The Doepke DFS residual current circuit-breakers with an EV design are based on the DIN EN 61008-1 standard that applies to residual current circuit-breakers. They also have an active additional function, meaning they can be relied upon to detect smooth DC residual currents and isolate them at a maximum of 6 mA. As a result, they comply fully with the requirements for residual direct current protective devices (RDC-PD) as set out in the IEC 62955 standard. Our EV switches will therefore now be granted VDE certification in line with the new standard. To provide you with some background information, the installation regulations for electromobility charging points – DIN VDE 0100-722 – specify that every socket used to charge an electric vehicle must be protected by its own residual current device (RCD). Mode 3 charging points must include protection against smooth DC residual currents. This protection can be provided by electrical separation (isolating transformer) or Type B residual current operated protective device or Type A + 6 mA DC detection (RDC-DD). Requirements for RDC-DD protection devices for Mode 3 charging, are detailed in the new Standard IEC62955 for residual current protection (single- or multi-phase charging with alternating current).

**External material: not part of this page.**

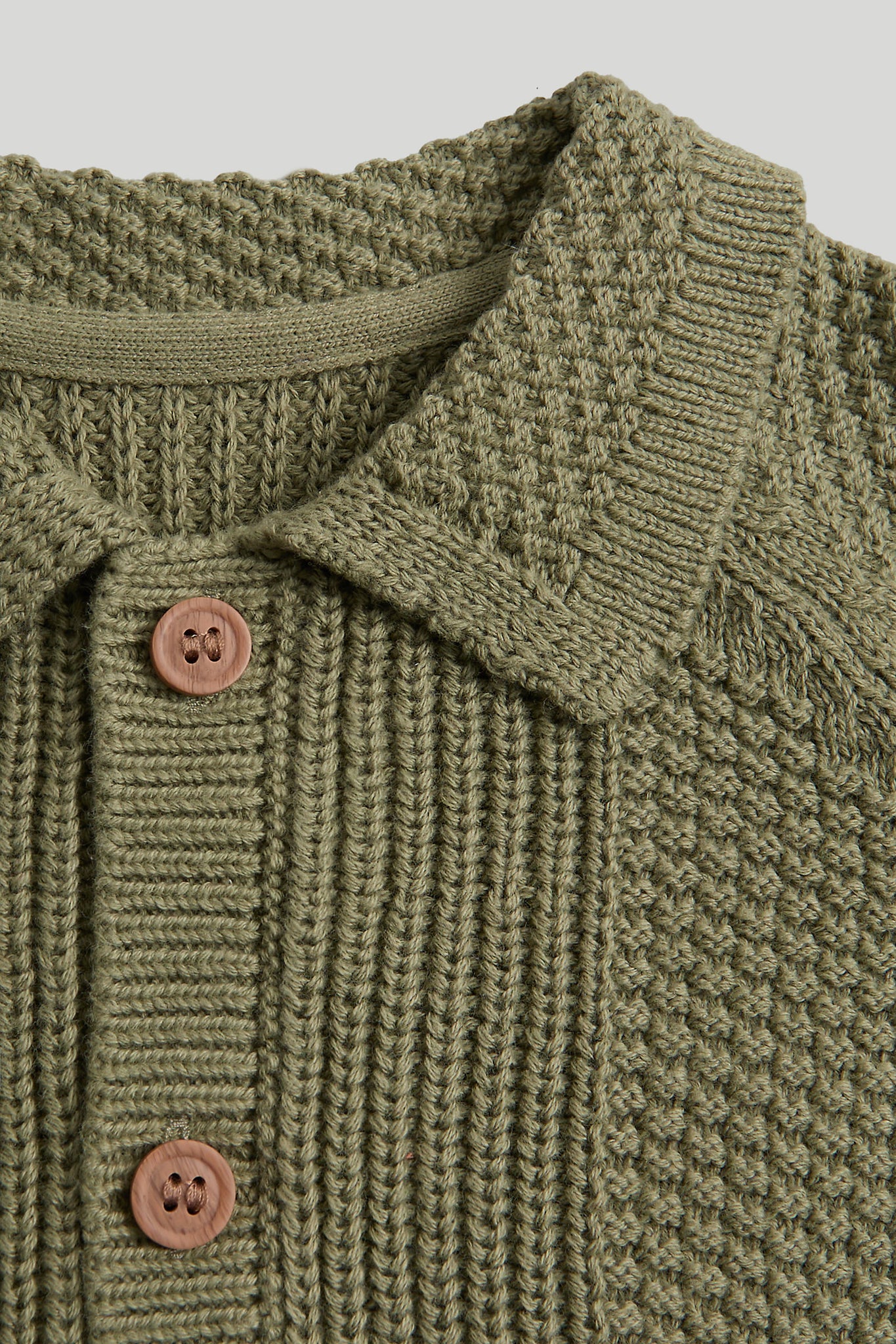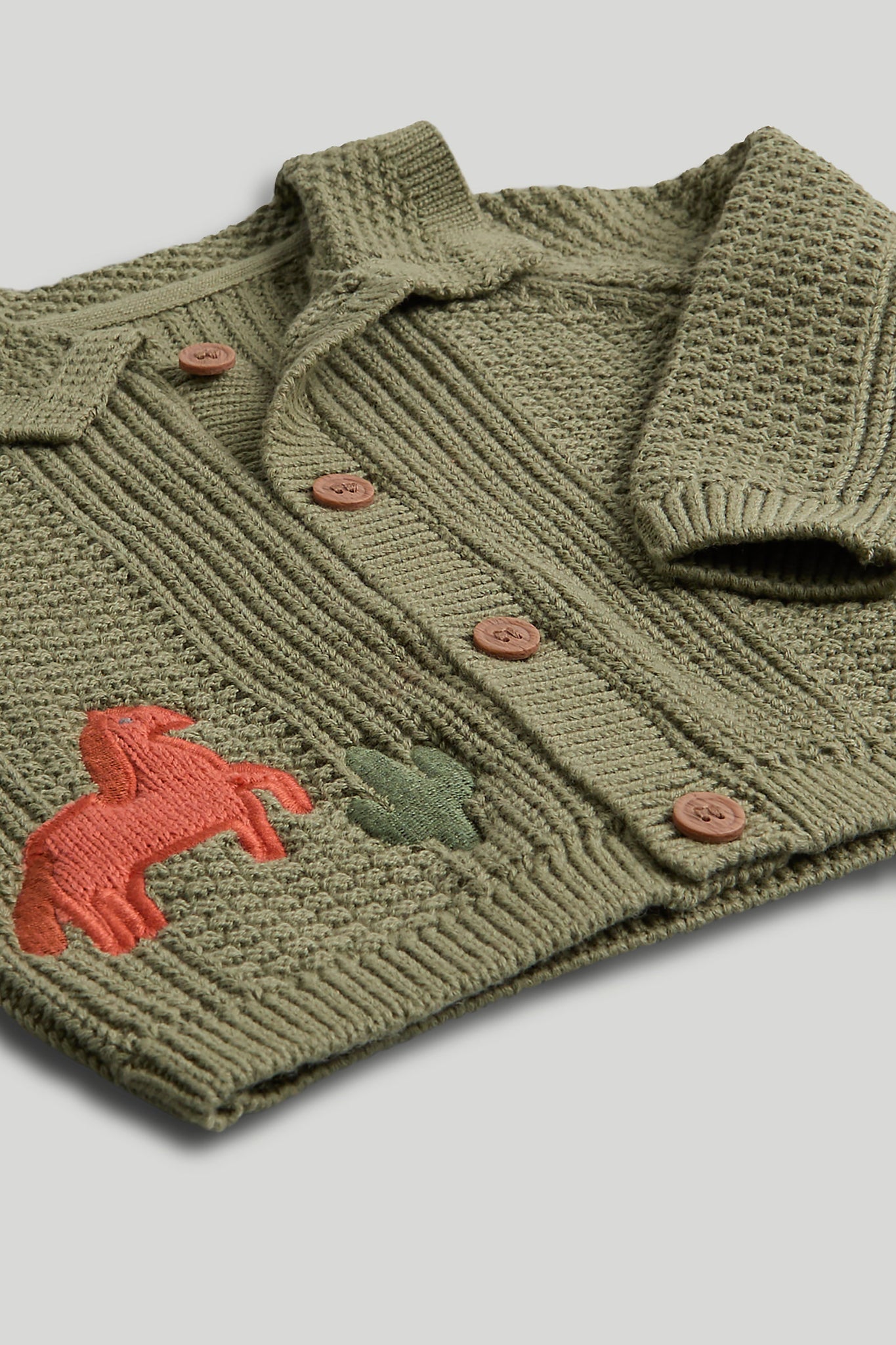 Crafted from cotton in a natural green colourway, this cardigan is made with cosy comfort in every stitch. Soft and snug with an applique character at the hem, it's easy to layer over any outfit.

The IEC 62955 standard includes residual direct current protective devices (RDC-PD) and residual direct current monitoring devices (RDC-MD) under the umbrella term RCD-DD. Residual direct current monitoring devices consist, for example, of a monitoring module (RDCM-module) for detecting smooth DC residual currents and a switching device that may or may not have an isolation feature. When working with this particular combination, the person or company responsible for the installation must, however, always carefully follow the switch-off criteria required in the event of a fault and a Type A or F residual current operated protective device must always be provided. Alternatively, they can use a single residual direct current protective device (RDC-PD) as a convenient means of protection for each of the charging device’s sockets provided that it detects DC residual currents and isolates at a maximum of 6 mA. Our DFS residual current circuit-breakers with an EV design would be ideal for this purpose.